Within a couple of weeks, Charlotte officials are expected to approve a plan that will guide development in the Park Woodlawn area for years.
During a presentation at last week’s City Council meeting, Charlotte planner Alberto Gonzalez presented the outline, which has been two years in the making.
The plan applies to a 2,000-acre area bounded by Little Sugar Creek to the east, Tyvola Road to the south, South Boulevard to the west and Dilworth to the north. The area is home to about 12,000 residents and includes subdivisions Madison Park, Selwyn Park and Sedgefield.
The goals are to protect existing neighborhoods, make it easier and safer to walk and bike, address traffic congestion, preserve the area’s tree canopy and allow for a greater mix of uses in the “Activity Center” (identified as the intersection of Park and Woodlawn roads).
“New development will have this plan as a guide and hopefully will be sensitive to the surrounding area,” said Gonzalez.
The plan calls for maintaining low to moderate residential densities in outlying areas, as well as providing opportunities for retail, office and higher-density residential in the Activity Center.
Specific goals include:
• Supporting the viability of Montford Drive as a destination main street.
• Creating new local streets in the activity center.
• Adding new signaled intersections to enhance access and circulation.
• Implementing design concepts for calming and enhancing Scaleybark Road.
• Extending bicycle lanes along Woodlawn Road.
• Eliminating gaps in the sidewalk system.
“I’m glad there’s a blueprint now,” said City Councilman Andy Dulin. “One thing it will do is signal to the residents that the city is not ignoring them.”
Gonzalez said residents started working on the plan about two years ago when city staff realized the area did not have an updated guideline for development.
After a series of public meetings and workshops, city staff took suggestions from residents to create the plan.
“People can have a feeling of ownership of the plan because so many people worked on it,” said Dulin. “That works better for everyone.”
Gonzalez asked residents what they would like to see in the area. Responses included making the area easier to walk and connecting communities.
Marty Doss, president of the Madison Park homeowners association, said one of his biggest qualms is the lack of safe places to cross Park Road.
“Getting around on foot or bike is not that easy in the area at the moment,” Doss said. “The restaurants and businesses along Montford Drive opposite from Madison Park need to be more easily accessible to our community.”
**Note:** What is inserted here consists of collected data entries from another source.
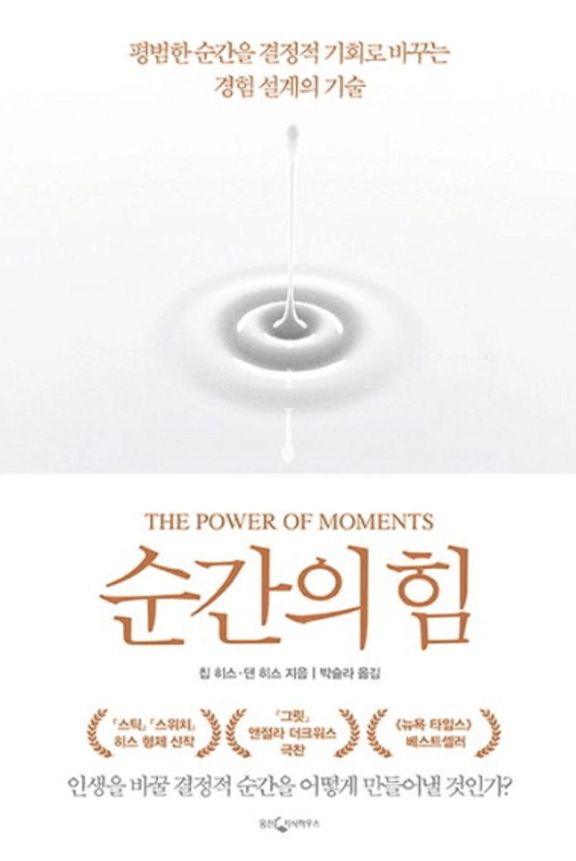 오랫동안 찰나의 경험이 사람을 어떻게 각성시키고, 고양시키며, 변화시키는지에 대해 주목하며 《스틱》으로 매력적인 메시지 만드는 법을, 《스위치》로 변화를 일으키는 구조를 밝혀냈던 조직행동론 전문가 칩 히스, 세계 500대 CEO들의 리더십 멘토 댄 히스 형제가 변화의 순간 그 자체라는 화두를 다룬 『순간의 힘』으로 돌아왔다. 우리는 인생의 모든 순간에 의미 부여를 하진 않지만, 삶의 방향을 바꾸는 중요한 순간은 따로 있다는 것을 알고 있다. 하지만 대부분은 그 순간을 기다리기만 할 뿐 적극적으로 이끌어낼 생각은 하지 않는다.
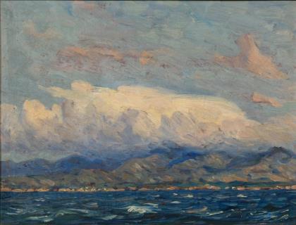 Impressionistisch gemalter Blick aufs ruhige Meer unter leicht wolkigem Himmel
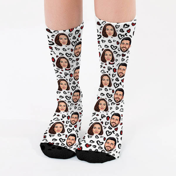 Mini Siyah Kalpler Tasarımlı Karikatürlü Sevgili Çorabı
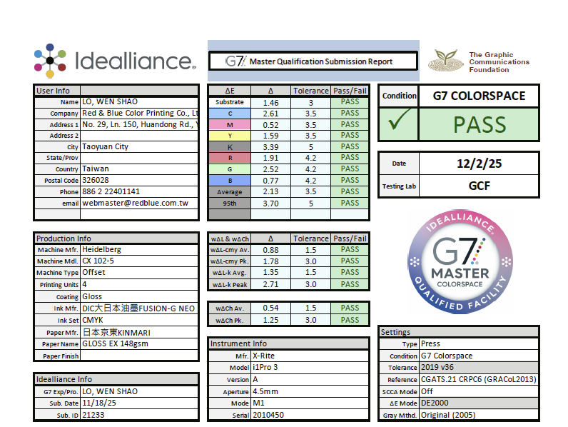 機器是海德堡CX-102,一部老機器了,沒有太多先進的配備,全憑領機的經驗/能力,經由數據的輔助,硬把印刷規格拉進G7規範裏。這是今年6月間的事。
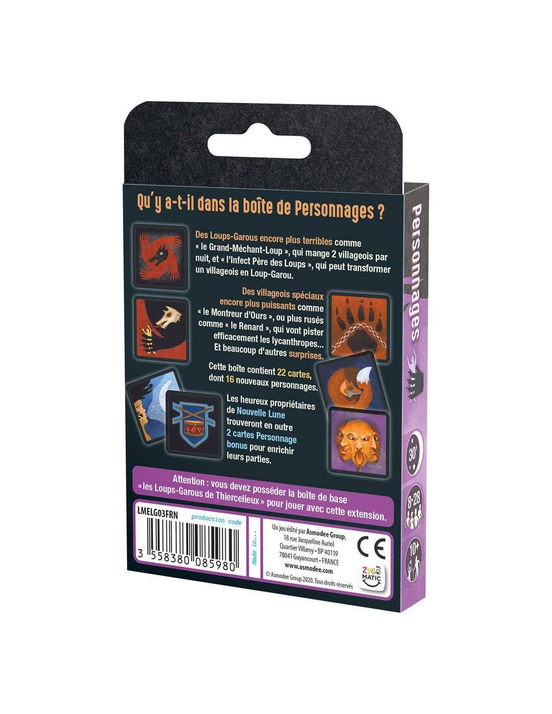 L’extension Personnages pour le jeu culte Les Loups‑Garous de Thiercelieux vous invite à découvrir 16 nouveaux rôles aux pouvoirs uniques qui vont bouleverser la dynamique de vos soirées. Enrichissant le jeu de base, cette extension nécessite la boîte principale pour fonctionner, mais vous propulse dans des débats encore plus intenses. Nuit après nuit, les rôles spéciaux s’activent et transforment les parties en véritables spectacles de bluff, déduction et surprise. Parfaite pour des groupes de 8 à 28 joueurs et dès 10 ans, cette boîte ajoute une profondeur stratégique tout en restant accessible et rapide (environ 30 minutes).
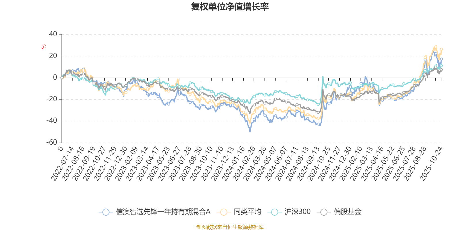 截至10月24日,信澳智选先锋一年持有期混合A近三个月复权单位净值增长率为32.64%,位于同类可比基金121/229;近半年复权单位净值增长率为44.59%,位于同类可比基金130/229;近一年复权单位净值增长率为54.90%,位于同类可比基金93/213;近三年复权单位净值增长率为24.52%,位于同类可比基金111/158。

Councilwoman Patsy Kinsey, whose district mostly overlaps the proposed Park Woodlawn area plan, said she frequently has heard residents comment on the difficulty of crossing major thoroughfares such as Park Road.
“It’s just getting people across the street – that’s what the challenge is,” she said. “There’s sort of a mental block there when you have a major thoroughfare like Park and Woodlawn.”
Kinsey said a way to rectify the situation would be to add sidewalks and crosswalks, but as she noted, “You can put crosswalks, but you can’t make people use them. And unfortunately that’s when you have accidents.”
Gonzalez said the plan stresses connectivity for all modes of transportation, from walking to cars.
The plan is expected to go before the Transportation & Planning Committee on May 23 for adoption, said Gonzalez. It will come back to the City Council on June 10 for final approval.
“The Park Road Shopping Center is an icon for Charlotte. This plan only enhances what’s already here,” said Gonzalez. “Great cities are created by great neighborhoods. The more great neighborhoods you have, the better your city is.”